I could get into what it is exactly, but what you need to know about it in terms of having an above-ground swimming pool is that it can grow through your liner like it’s not even there AND there is no easy way to tell if you have it in your yard.

If you have been out driving and noticed some grass growing through black asphalt, then you have seen nutgrass.

HOW TO TELL IF YOU HAVE NUTGRASS/NUTSEDGE

Since a blade of nutgrass looks just like a blade of any other type of grass, it is very hard to identify just by looking at the yard.

The only way that I know it is nut grass is that there is a small brown, round nut that is attached to the blade of grass by a skinny root.

If you pull the blade of grass up, the root connecting the nut will break and you won’t know it’s nutgrass. You have to dig up the nut to keep it attached to the grass blade. This is the only way that I know of to tell if it is nutgrass.

BEST TO JUST ASSUME THAT YOU HAVE NUTGRASS WHERE YOUR ABOVE-GROUND POOL IS GOING

This is the best way to go when putting an above-ground pool up in an Orlando area yard. Assume that you might have nutgrass, then do the things to help prevent it from coming up and growing through the liner.

3 THINGS TO DO TO PREVENT NUTGRASS OR NUTSEDGE DAMAGE TO YOUR ABOVE-GROUND POOL LINER

1 Completely remove all of the root mass (sod) with the grass

Since I started using a machine to remove the grass for the pool installation, I noticed a big drop in incidences of nutgrass growing through the liners.

By using a machine, I am removing a greater (thicker) amount of the sod when I took the grass up. This also removes a lot of the nutgrass from the area too.

2 Apply a nutgrass killer (Granular Only)

When the pool wall is up, the coving is in place, and the bottom has been smoothed out, you are ready for the liner.

Just before that, apply a granular nutgrass killer. I have used liquid nutgrass/nutsedge killer and it’s not nearly as effective as granular. USE GRANULAR ONLY

Tip: Apply the nutgrass killer using a spreader. This gives an even layer of the chemical, which will cover the entire pool bottom.

3 OPTIONAL: Use a liner guard

Liner guards are called many things. They are gorilla pads, liner pads, floor pads, etc. They are all about the same BTW, so don’t think one is better than the other.

Using a liner guard by itself will only prevent some of the nutgrass from making it through the liner. BUT, if you combine the liner guard with the nutgrass killer, it works very well.

Nutgrass killer is a pre-emergent. This means it waits for the nutgrass baby to start growing, then kills it. This is done best when there is a layer of chemical that the nutgrass has to enter as it grows. When it hits this layer, it dies.

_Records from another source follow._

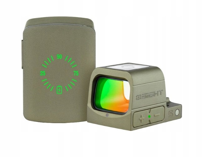 Nový reflexní kolimátor OLIGHT OSIGHT S 2 MOA přináší řadu novinek ať už možnost přepnutí ze záměrného bodu 2 MOA na záměrný kruh 32 MOA nebo možnost dobíjení kolimátoru přes magnetickou dobíjecí stanici. První dobíjecí kolimátor na světě. Jedná se o magnetický kryt kolimátoru, který kromě indikátoru nabití kolimátoru jej dokáže i plně nabít, a to až třikrát. Každé nabití trvá přibližně 1,5 hodiny. Při svícení na 3. úrovní vydrží baterie kolimátoru až 21 900 hodin. Kombinovaný mód kruh a tečka vydrží svítit až 20 000 hodin. V kombinaci s dobíjecí stanicí se vydrž baterie dostává až na 80 000 hodin. Optika je tvořena z pokročilé antireflexní vrstvy skla maximalizující propustnost světla pro větší jasnost. Vyrobena je z materiálu OAL, který je pevný a téměř stejně lehký jako hliník 7075 s eloxovanou úpravou úrovně III, která zajišťuje vynikající odolnost proti nárazu a korozi po dlouhou dobu své životnosti. Kolimátor je rovněž vybaven úsporným režimem, který se zapíná po 10 minutách nečinnosti, avšak díky senzoru pohybu a paměti posledního zapnutého režimu se kolimátor při sebemenším pohybu opět zapne. Uživatel si může vybrat z 10 režimů denního světla a 2 režimů svícení po noční vidění.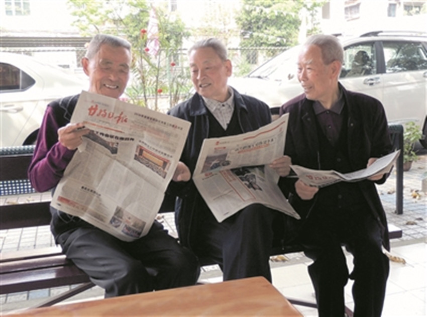 本網(wǎng)訊(鄧知 高嬌 文/圖)4月13日上午,甘孜州雅安干休的離退休干部們晨練結(jié)束后,便開始閱報(bào)。今年84歲的離休干部聶庭梅首先翻閱最新的《甘孜日報(bào)》?!耙私庵輧?nèi)新聞,還得通過甘孜日報(bào)。我們雖然退休了,但仍然牽掛曾經(jīng)工作過的甘孜州。退休至今,我都是通過《甘孜日報(bào)》了解第二故鄉(xiāng)發(fā)生的變化。”聶庭梅離休已經(jīng)有30多年,他對《甘孜日報(bào)》情有獨(dú)鐘,尤其關(guān)注他曾經(jīng)工作過的雅江縣發(fā)生的新聞。
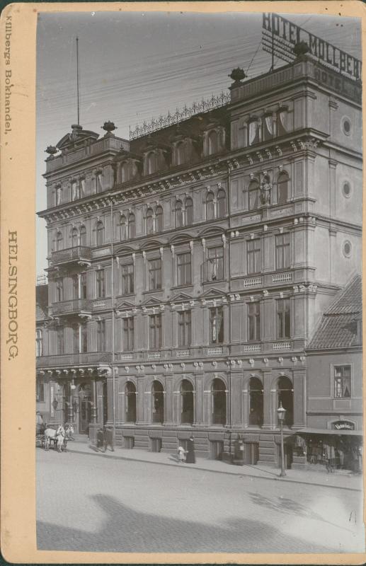Fotot visar Hotell Mollberg fotograferat från Stortorget. I det lilla huset vägg i vägg på hotellets västra sida syns en butik, till synes en herrekipering vid namn Viktor Schult. Utanför ekiperingen på det gatstensbelagda Stortorget ser man skuggan av Kandelabern, gatlyktan. På trottoaren går några personer, bland annat en kvinna med ett barn. Utanför hotellets huvudentré väntar en hästdroska med hästar i par.

By applying nutgrass killer in a layer (using a spreader), and then placing the liner guard on top of that layer, it makes the chemical more effective.

This is because the nutgrass needs more time and energy to grow through the liner guard material, so while it’s trying to continue upward, it has to spend more time in the chemical zone, which gives the nutgrass killer more time to kill the grass.

NO ONE WILL GUARANTEE AGAINST NUTGRASS DAMAGE

Nutgrass damage is considered an “act of God”, which sounds overly dramatic and ominous, so manufacturers, retailers, and installers won’t do anything if it grows through your pool liner.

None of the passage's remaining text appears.